Skip to content
This repository has been archived by the owner on Apr 16, 2020. It is now read-only.

Ensure that Rabin fingerprinting works with large datasets #134

Closed
flyingzumwalt opened this issue Jan 29, 2017 · 5 comments
Closed

Ensure that Rabin fingerprinting works with large datasets #134

flyingzumwalt opened this issue Jan 29, 2017 · 5 comments

Comments

@flyingzumwalt
Copy link
Contributor

From https://botbot.me/freenode/ipfs/2017-01-29/?msg=80105342&page=1

[ani 10:03 pm] Rabin seems to be failing at larger jobs.

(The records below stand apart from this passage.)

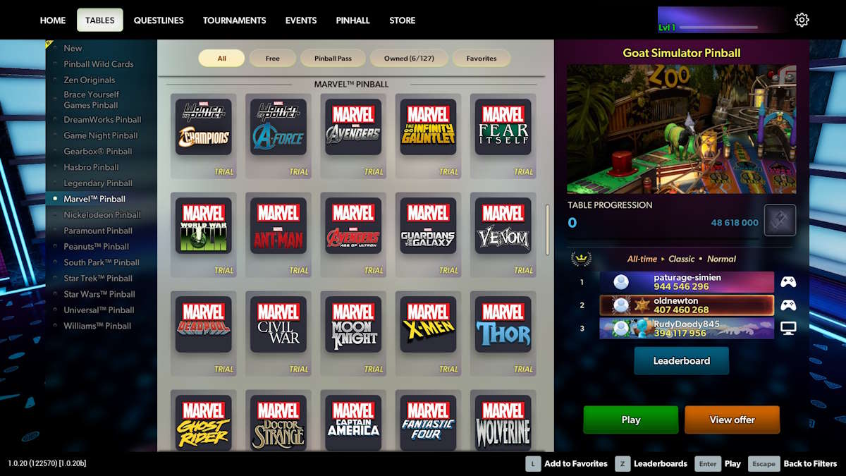 Pinball FX хорошо подойдет тем, кто любит супергеройское кино, комиксы и блокбастеры. Столов по фильмам и комиксом в этом пинболе очень много. Кроме того, здесь есть соревнование с трофеями и красивый пинбольный зал, куда помещаются все ваши покупки. Кстати, о супергероях. Столы по комиксам Marvel в Pinball FX довольно сильно отличаются от других столов. У них будто более старая атмосфера. Я попробовал их все, но ни один из них меня не увлек. Поэтому перед покупкой обязательно попробуйте их в демо-режиме. Средняя цена за DLC на скидках: 112 рублей.
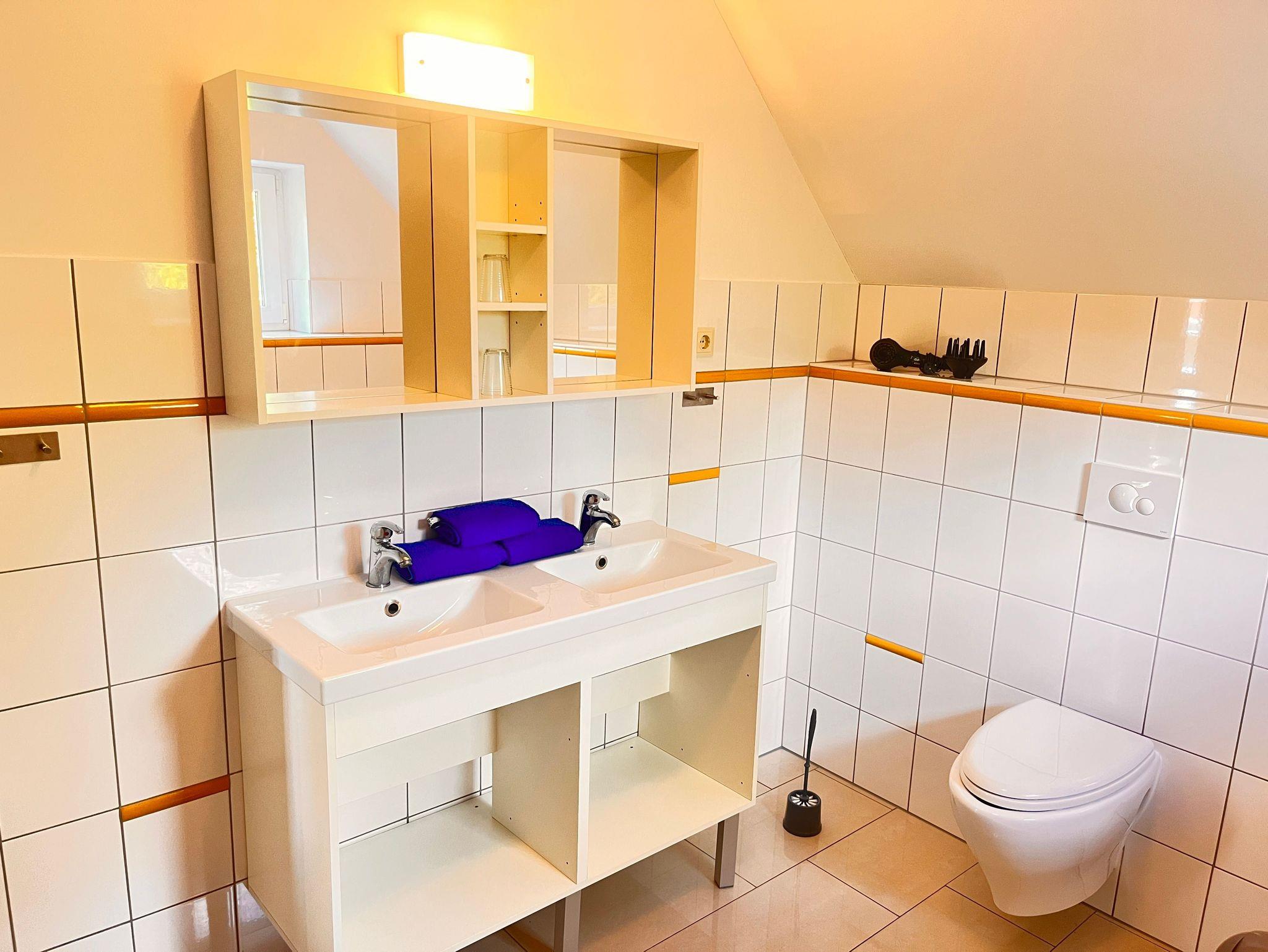 Es gibt ein eigenes Badezimmer mit Haartrockner in jeder Einheit. Bettwäsche bereit gestellt.
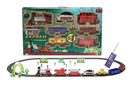 Kolejka na radio, światło, dźwięk, 6 wagonów; 90x54x13cm,
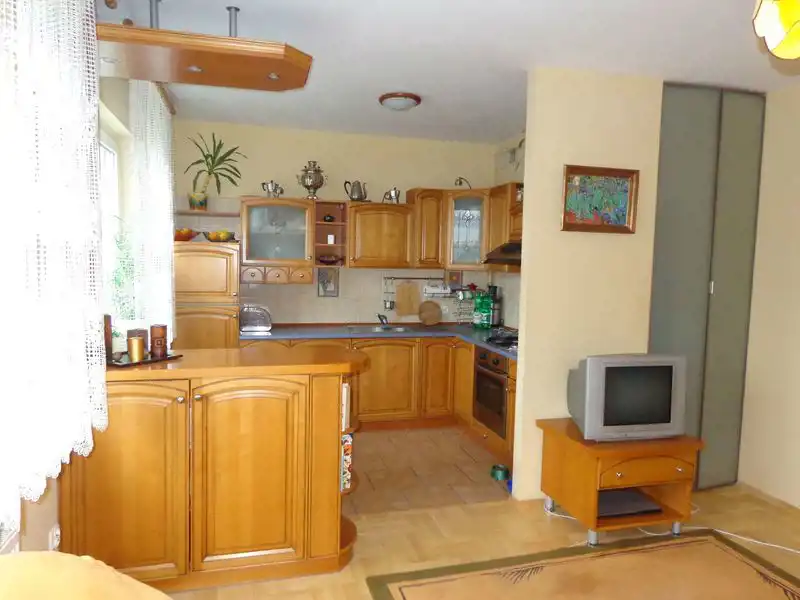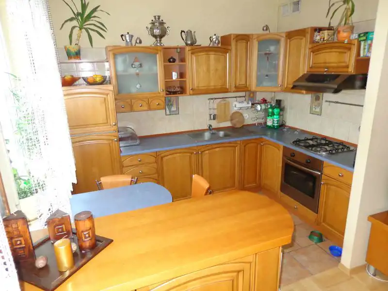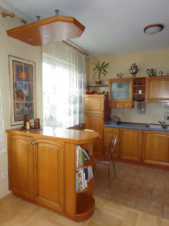 W cenie właściciel pozostawia zabudowę kuchni ze sprzętem AGD: piekarnik, płyta gazowa, lodówka.
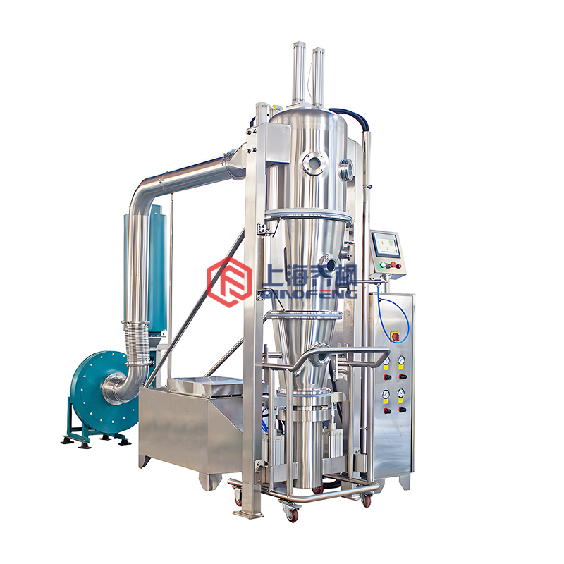 將制粒用粉末或包衣用顆粒(粉)物料投入流化床內(nèi),冷空氣從主機后部加熱室進入,經(jīng)初效.中效過濾.加熱器加熱至進風所需溫度后進入流化床,粉末(顆粒)在床內(nèi)呈流態(tài)化,制粒用粘結劑由輸液泵送入雙流體霧化器,經(jīng)霧化后噴向流化的物料。掩味、防潮、防氧化、防水、隔熱、著色、隔離包衣。

Will try with more memory and CPU but it's stalling around 5GB/49

@whyrusleeping Could you re-add the test dataset from #126 using Rabin fingerprinting to make sure it doesn't choke?

@Kubuxu
Copy link
Contributor

Kubuxu commented Jan 29, 2017

Rabin sharding from what I understand isn't that cheap and it is the reason it chokes on it.

Before we invest time into it I would recommend checking if it gives any benefits in multiple areas: in file, cross files (directory) and cross datasets vs normal chunking.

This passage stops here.